### Problem details
Copy, word for word, the lines below from the one containing "Θήκη τηλεφώνου από" up to and including the one containing "Master bedroom har", with pictures left out.

### The data
════════════════

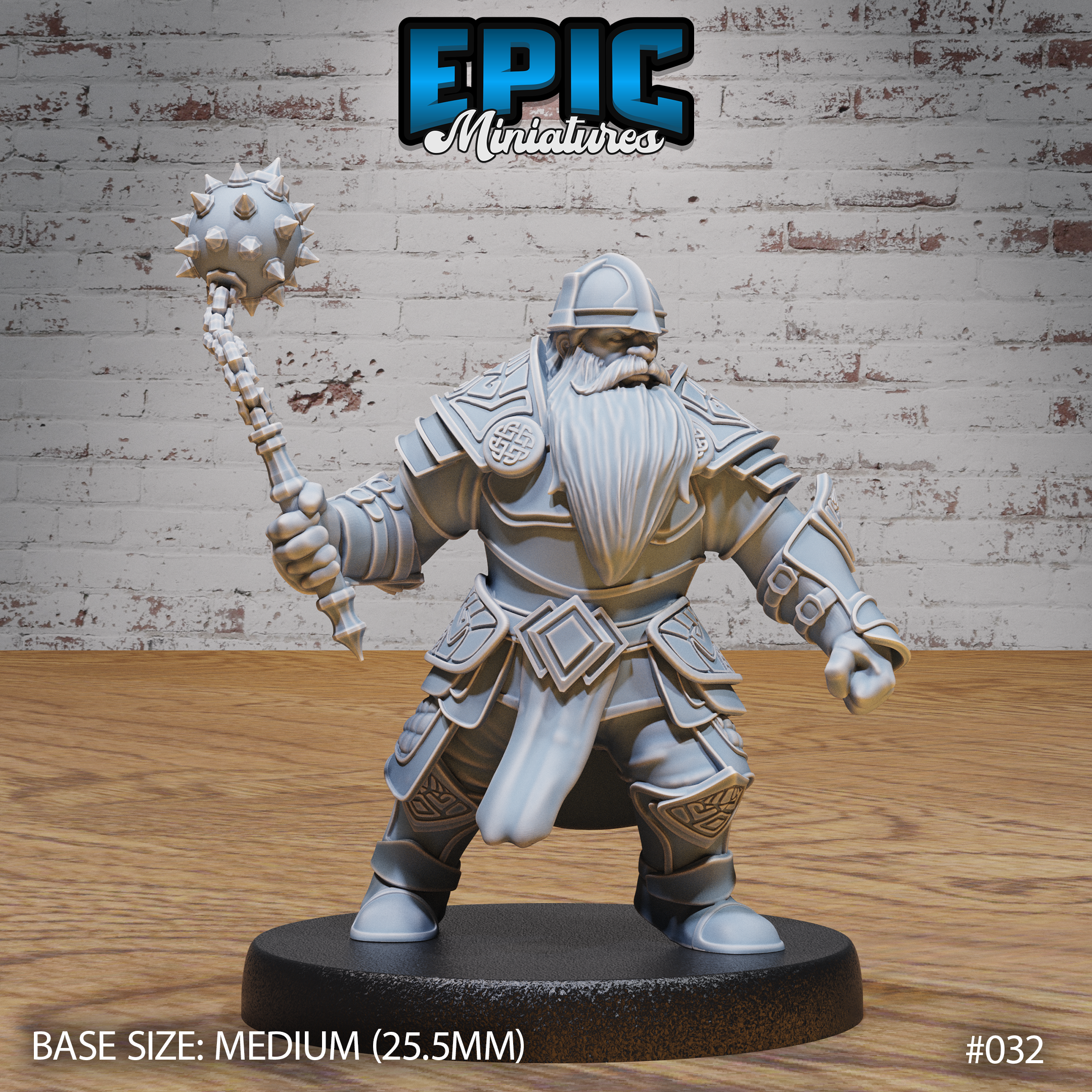 One 3D printed Dwarf Army Morningstar, with base in 32mm scale. Other scales available including 28mm. Medium Size.
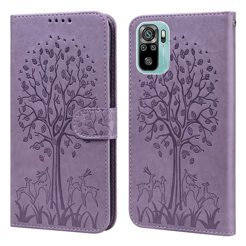 Θήκη τηλεφώνου από δέρμα με σχέδιο δέντρου και ελαφιού, τύπου flip, για Xiaomi Redmi Note 10 / Note 10S (Μωβ)
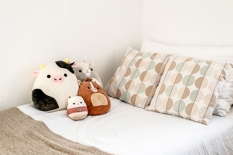 Master bedroom har en intilliggande walk-in-closet och fönstret är placerat ovanför den anlagda uteplatsen på framsidan. Väggarna är vitmålade.
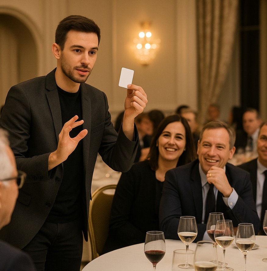 Pour marquer les esprits dès les premières minutes, l’intervention d’un magicien mentaliste professionnel figure parmi les animations les plus percutantes. À Bordeaux, Théotim s’impose comme une référence grâce à des performances mêlant psychologie, illusions et interaction avec le public.

════════════════

### The completed task
 Θήκη τηλεφώνου από δέρμα με σχέδιο δέντρου και ελαφιού, τύπου flip, για Xiaomi Redmi Note 10 / Note 10S (Μωβ)
 Master bedroom har en intilliggande walk-in-closet och fönstret är placerat ovanför den anlagda uteplatsen på framsidan. Väggarna är vitmålade.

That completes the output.